RECORDED DATA: Begin
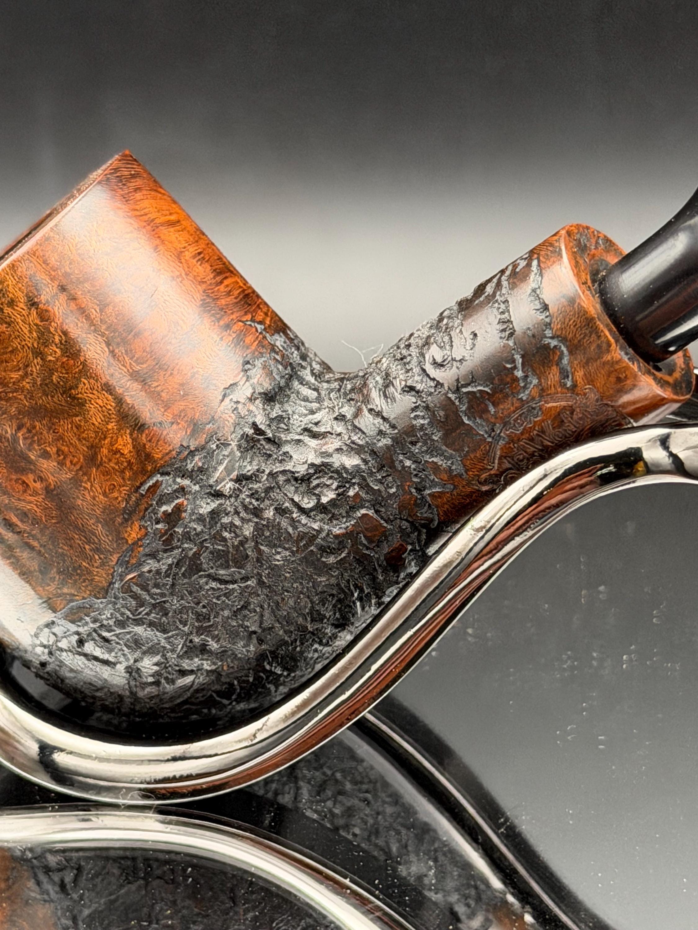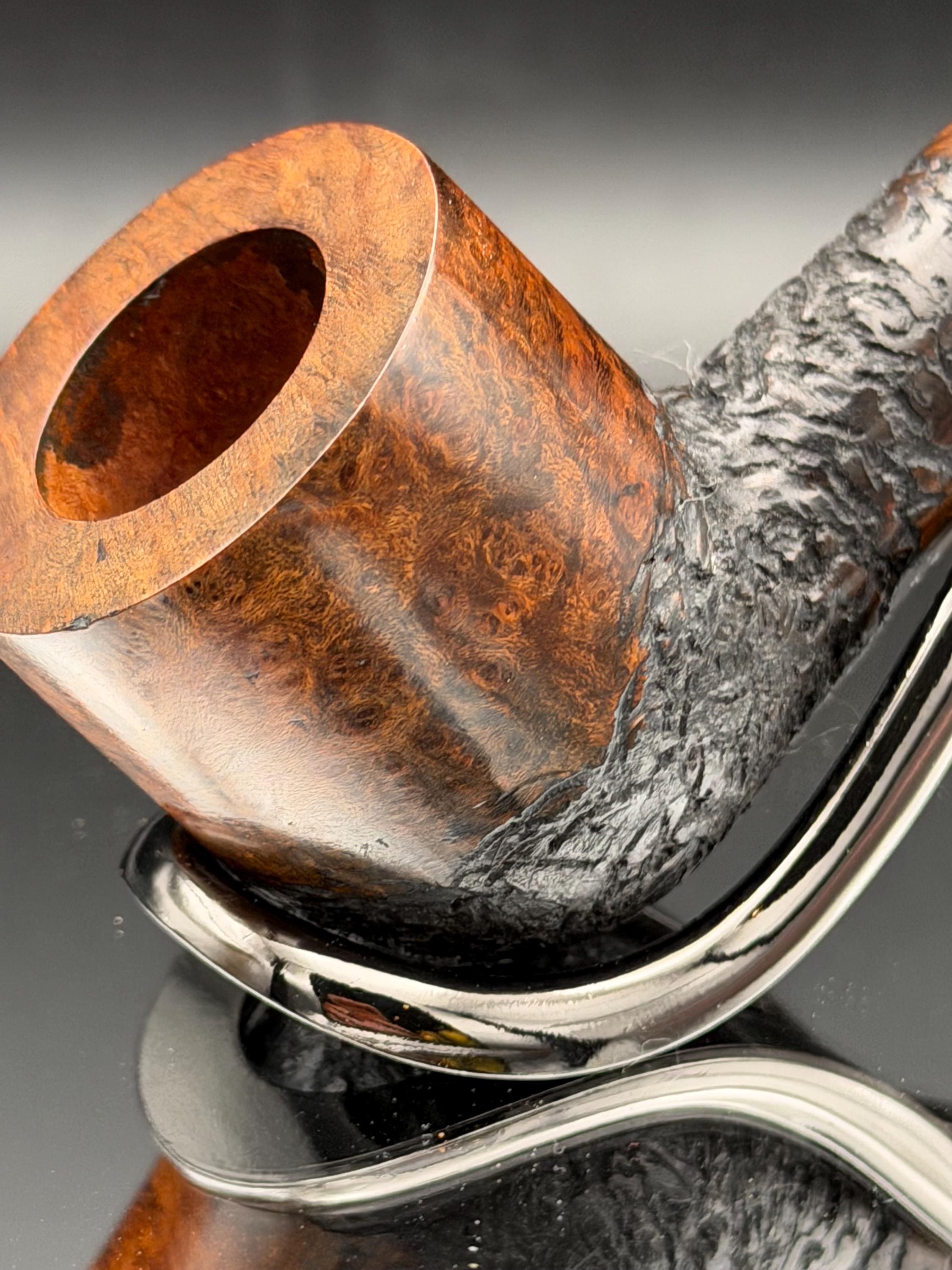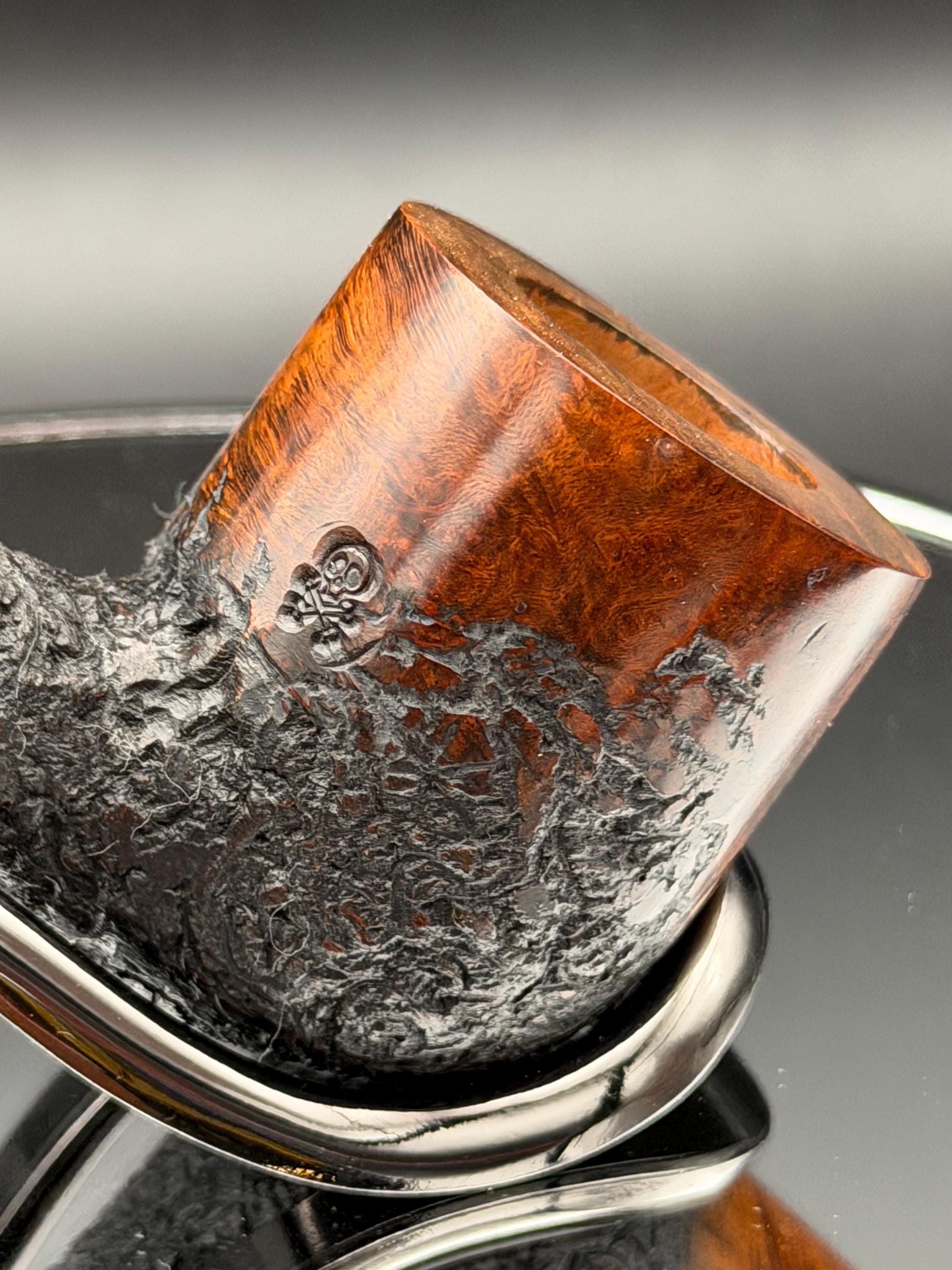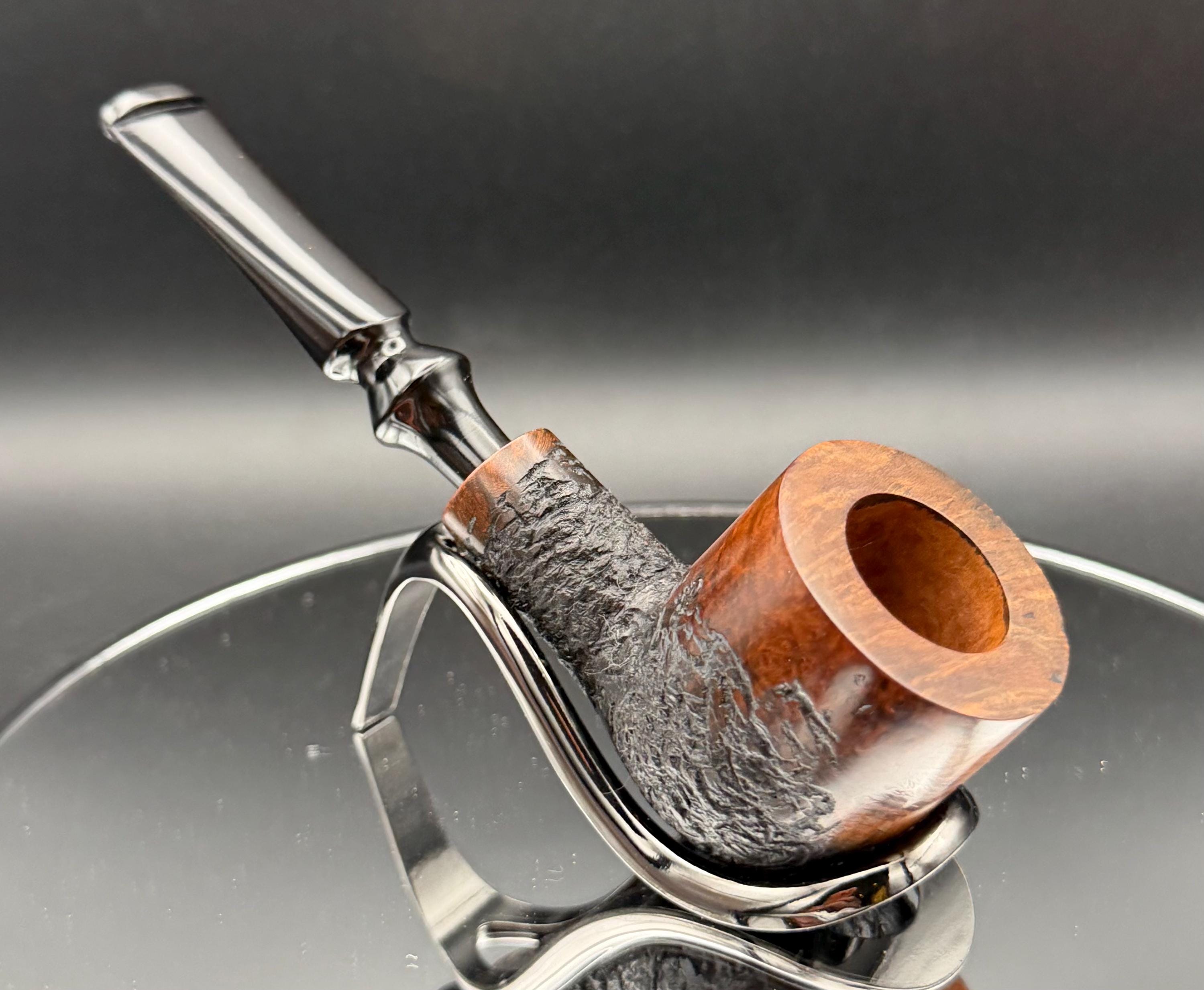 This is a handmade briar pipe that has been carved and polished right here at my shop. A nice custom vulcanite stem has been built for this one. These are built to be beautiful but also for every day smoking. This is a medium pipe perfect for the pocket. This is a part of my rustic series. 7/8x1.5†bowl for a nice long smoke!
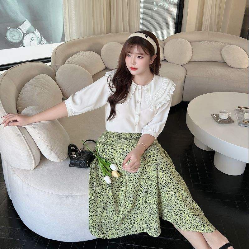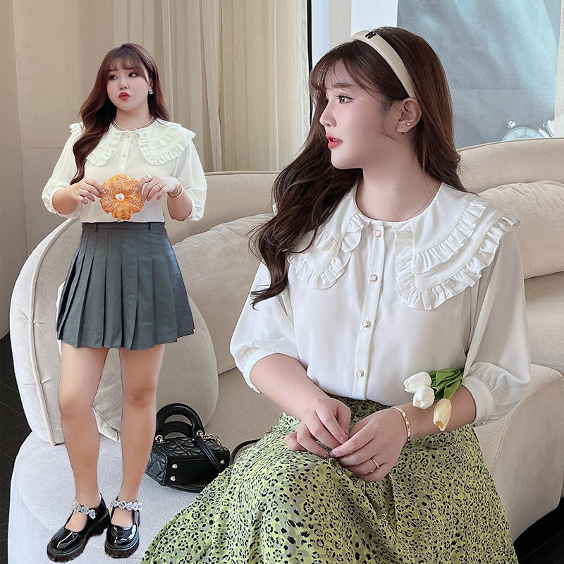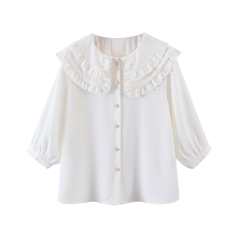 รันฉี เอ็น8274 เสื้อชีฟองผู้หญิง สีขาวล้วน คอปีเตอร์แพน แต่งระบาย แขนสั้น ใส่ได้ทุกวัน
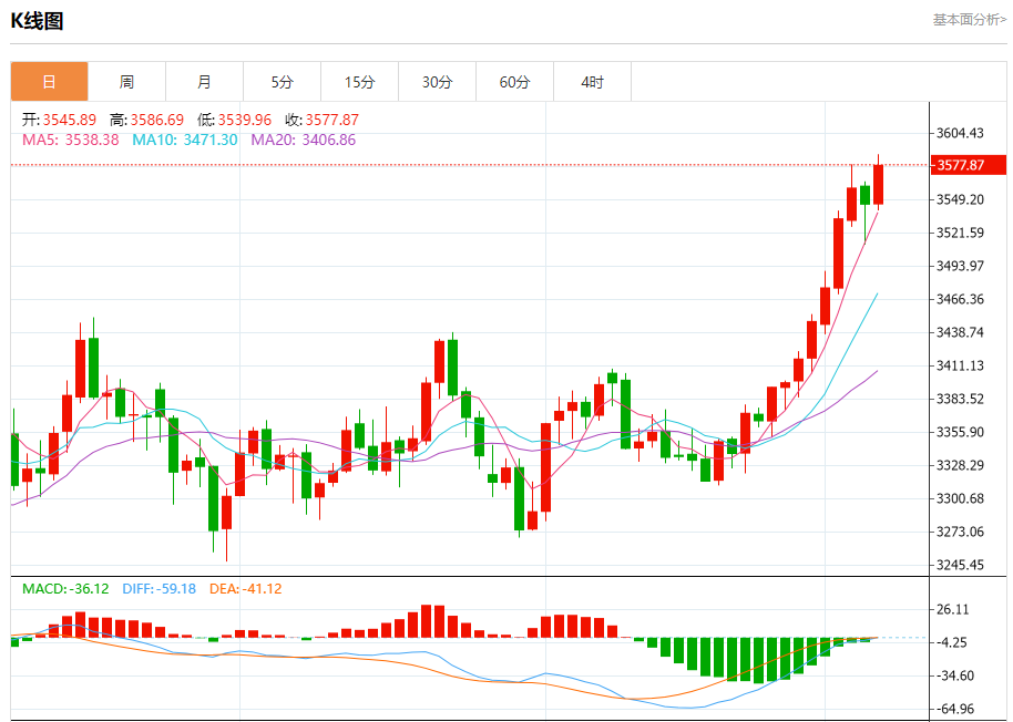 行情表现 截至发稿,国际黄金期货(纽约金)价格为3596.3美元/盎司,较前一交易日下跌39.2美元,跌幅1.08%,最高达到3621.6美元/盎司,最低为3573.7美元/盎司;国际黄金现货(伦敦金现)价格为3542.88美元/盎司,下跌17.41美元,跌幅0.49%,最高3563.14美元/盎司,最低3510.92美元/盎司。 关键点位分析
RECORDED DATA: End
◆ TASK
Output the data above without changes, apart from leaving out the pictures.

◆ TASK SOLUTION
 This is a handmade briar pipe that has been carved and polished right here at my shop. A nice custom vulcanite stem has been built for this one. These are built to be beautiful but also for every day smoking. This is a medium pipe perfect for the pocket. This is a part of my rustic series. 7/8x1.5†bowl for a nice long smoke!
 รันฉี เอ็น8274 เสื้อชีฟองผู้หญิง สีขาวล้วน คอปีเตอร์แพน แต่งระบาย แขนสั้น ใส่ได้ทุกวัน
 行情表现 截至发稿,国际黄金期货(纽约金)价格为3596.3美元/盎司,较前一交易日下跌39.2美元,跌幅1.08%,最高达到3621.6美元/盎司,最低为3573.7美元/盎司;国际黄金现货(伦敦金现)价格为3542.88美元/盎司,下跌17.41美元,跌幅0.49%,最高3563.14美元/盎司,最低3510.92美元/盎司。 关键点位分析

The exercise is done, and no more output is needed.